_PROMPT_
Please return only the lines between the line with "Der banjado Standbriefkasten" and the final line of the entries, both included, and exclude pictures.

[Entries taken from a collection]

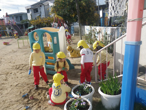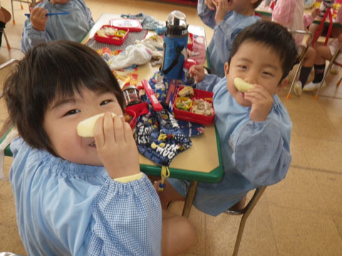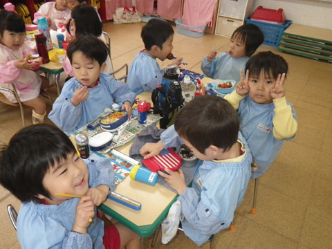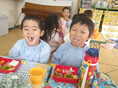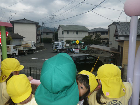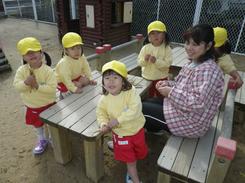 年長組さんに便乗したお散歩から帰園したみんなも、
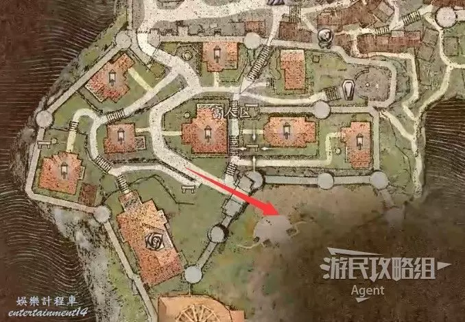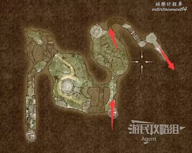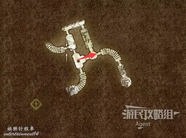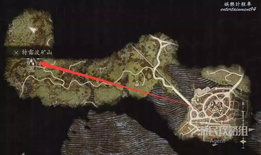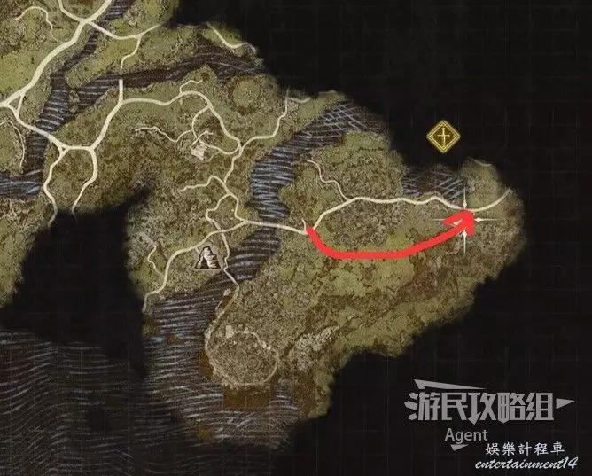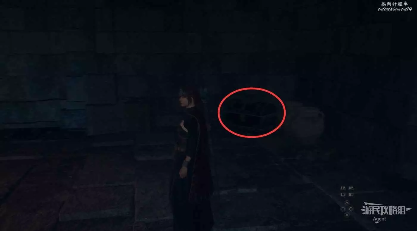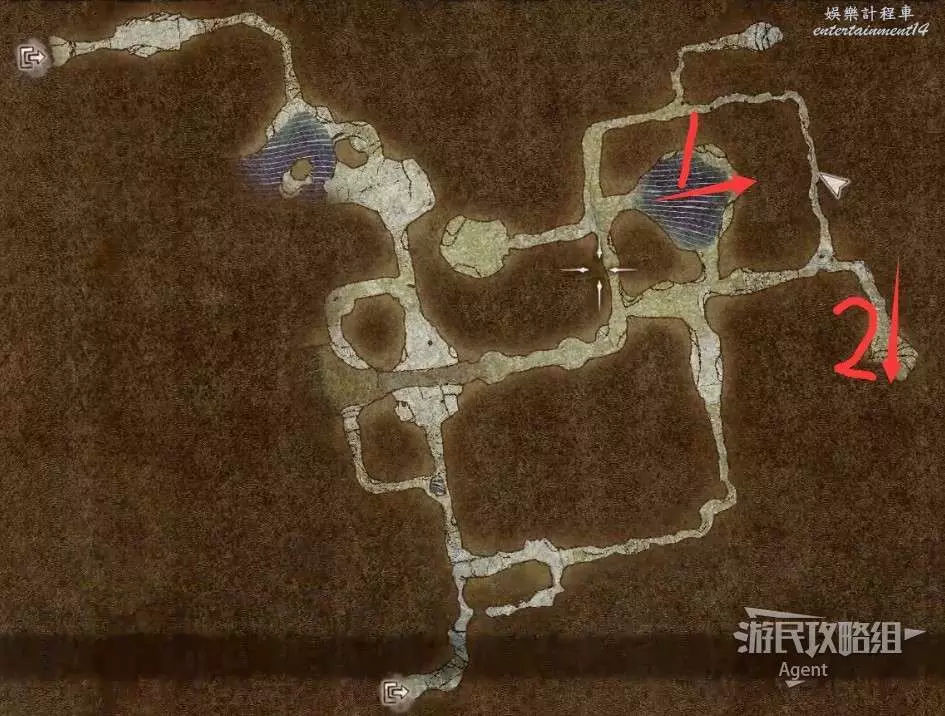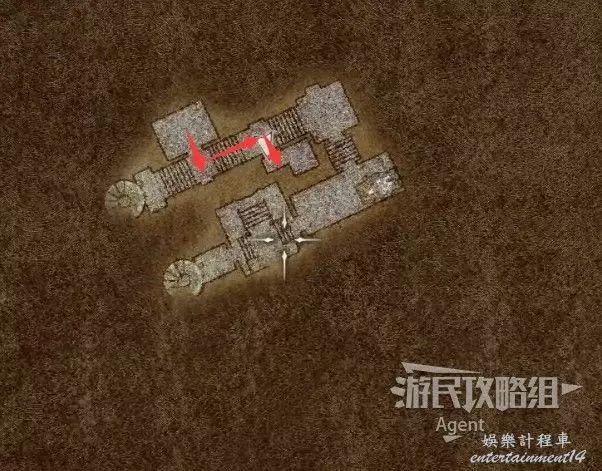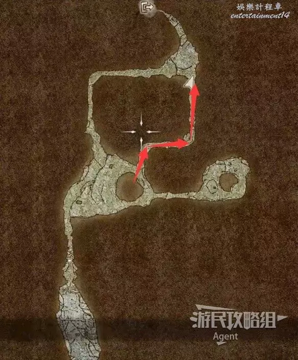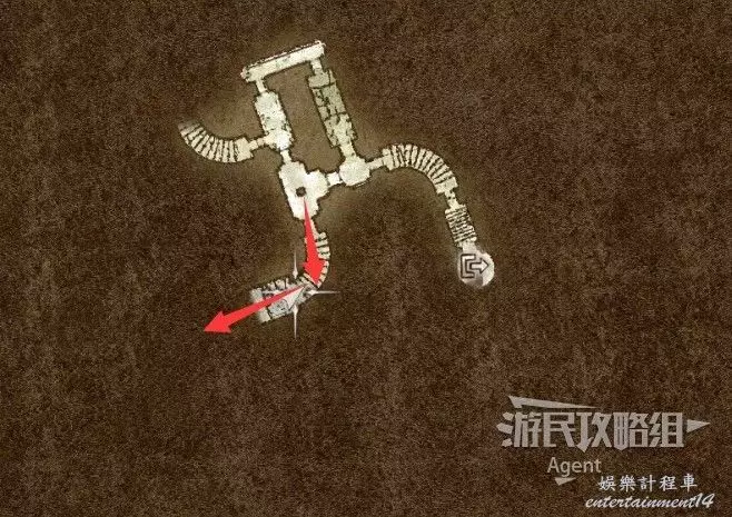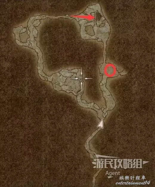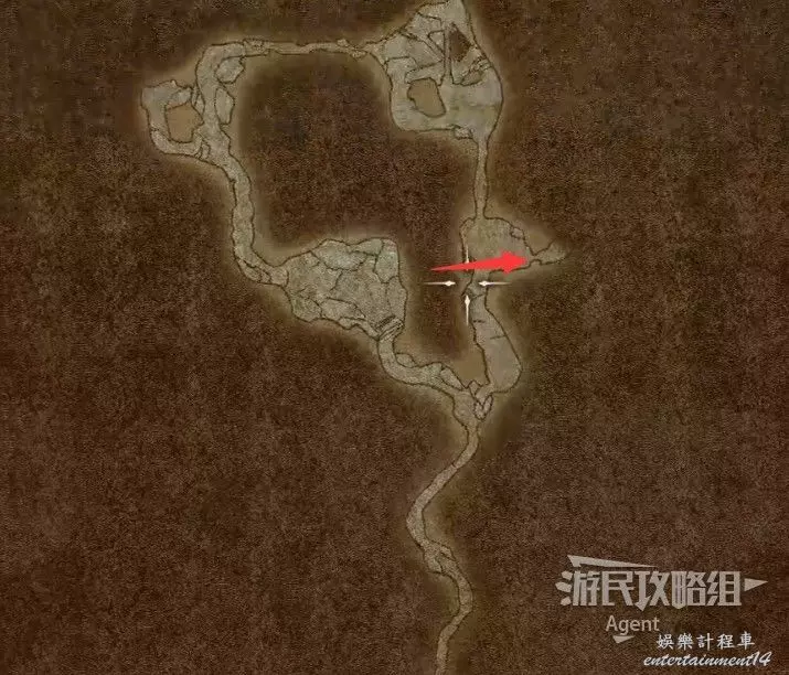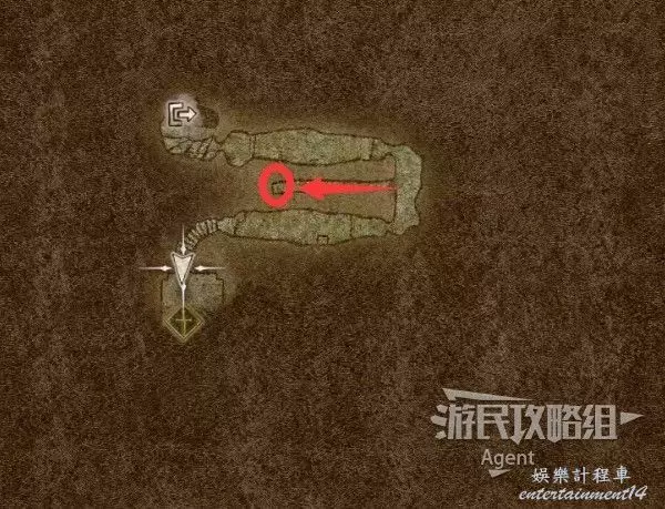 然後沿著箭頭方向走過隧道,可發現一塊隱藏的區域可探索。洞裡的寶箱需要從上面洞口爬梯子下去拿。
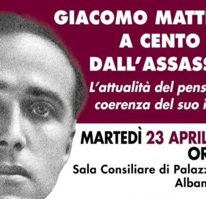 Martedì 23 aprile alle 9:30 ad Albano Laziale, nella sala consiliare di Palazzo Savelli, si è tenuto il convegno “GIACOMO MATTEOTTI A CENTO ANNI DALL’ASSASSINIO l’attualità del pensiero e la coerenza del suo impegno”
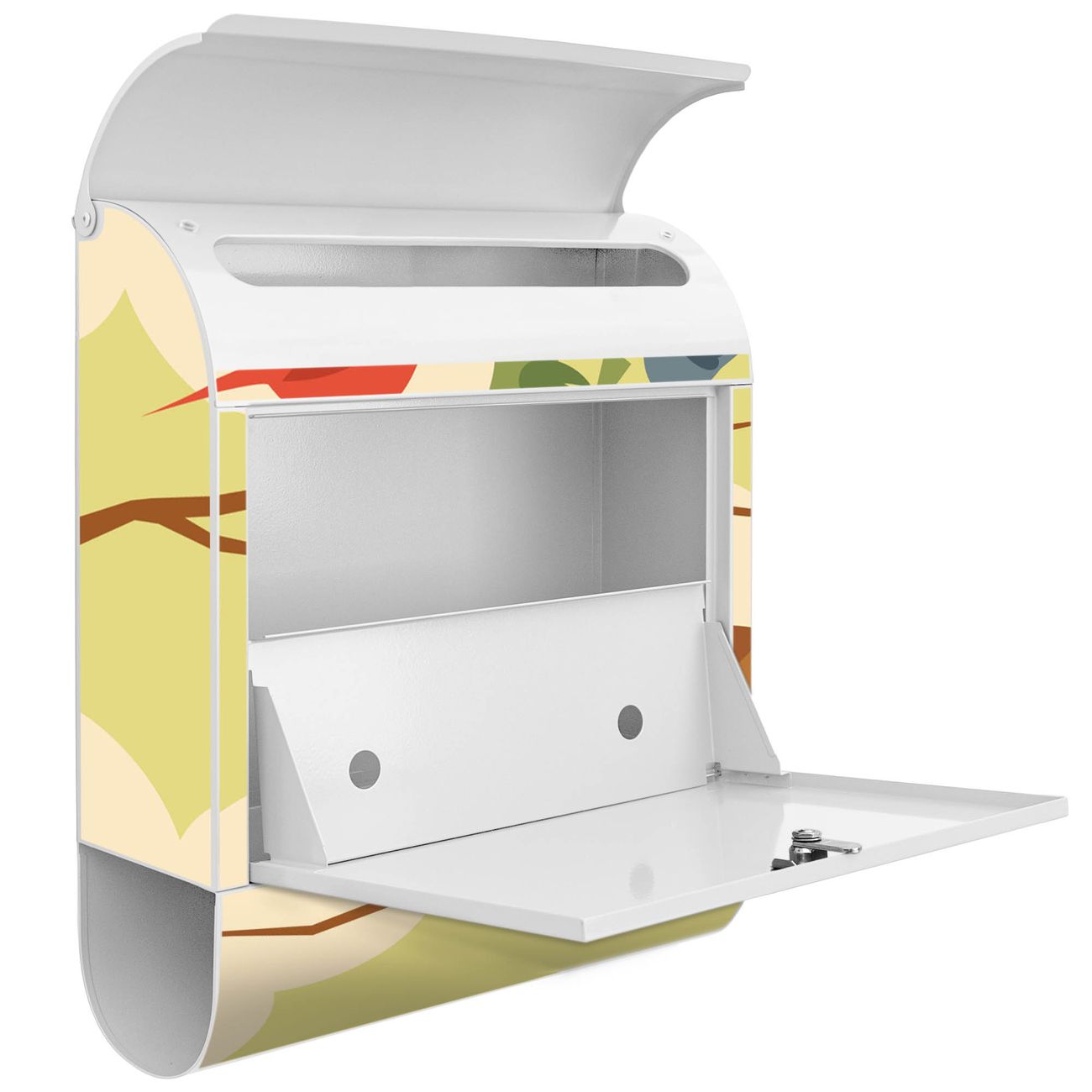 Der banjado Standbriefkasten mit Motiv Motiv Fünf Vögel kombiniert großzügigen Stauraum mit modernem Design. Durch das geräumige Fach finden auch große A4-Sendungen problemlos Platz. Die integrierte Zeitungsrolle sorgt dafür, dass Tageszeitungen und Magazine separat und griffbereit untergebracht sind. Der pulverbeschichtete Standfuß ist farblich passend zum Briefkasten gestaltet und sorgt für ein stimmiges Gesamtbild. Mit dem individuellen Motiv setzen Sie einen optischen Akzent, der sowohl praktisch als auch dekorativ ist.
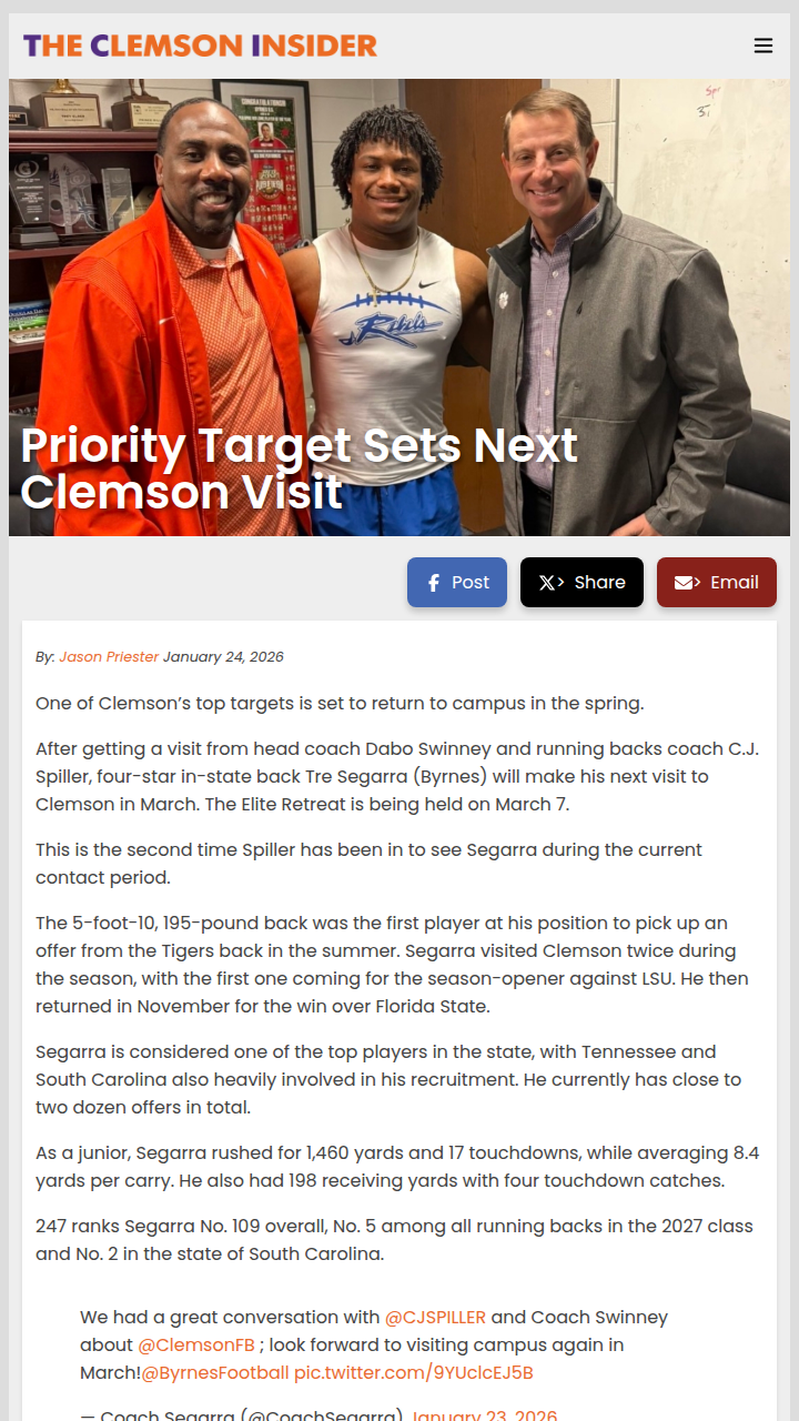Christopher Hughes+FollowClemson’s top RB target returns in MarchClemson fans, all eyes are on Tre Segarra as he gears up for another visit to campus this March. After a standout junior season with over 1,400 rushing yards and 17 touchdowns, Segarra’s recruitment is heating up, with Tennessee and South Carolina also in the mix. He’s already made a couple of trips to Death Valley, and the Tigers were the first to offer him last summer. With nearly two dozen offers on the table, how big of an impact do you think Segarra could have if he chooses Clemson? Let’s talk about what his commitment could mean for the Tigers’ future. #Sports #Football #ClemsonFootball00Share

_ANSWER TO THIS EXERCISE_
 Der banjado Standbriefkasten mit Motiv Motiv Fünf Vögel kombiniert großzügigen Stauraum mit modernem Design. Durch das geräumige Fach finden auch große A4-Sendungen problemlos Platz. Die integrierte Zeitungsrolle sorgt dafür, dass Tageszeitungen und Magazine separat und griffbereit untergebracht sind. Der pulverbeschichtete Standfuß ist farblich passend zum Briefkasten gestaltet und sorgt für ein stimmiges Gesamtbild. Mit dem individuellen Motiv setzen Sie einen optischen Akzent, der sowohl praktisch als auch dekorativ ist.
Christopher Hughes+FollowClemson’s top RB target returns in MarchClemson fans, all eyes are on Tre Segarra as he gears up for another visit to campus this March. After a standout junior season with over 1,400 rushing yards and 17 touchdowns, Segarra’s recruitment is heating up, with Tennessee and South Carolina also in the mix. He’s already made a couple of trips to Death Valley, and the Tigers were the first to offer him last summer. With nearly two dozen offers on the table, how big of an impact do you think Segarra could have if he chooses Clemson? Let’s talk about what his commitment could mean for the Tigers’ future. #Sports #Football #ClemsonFootball00Share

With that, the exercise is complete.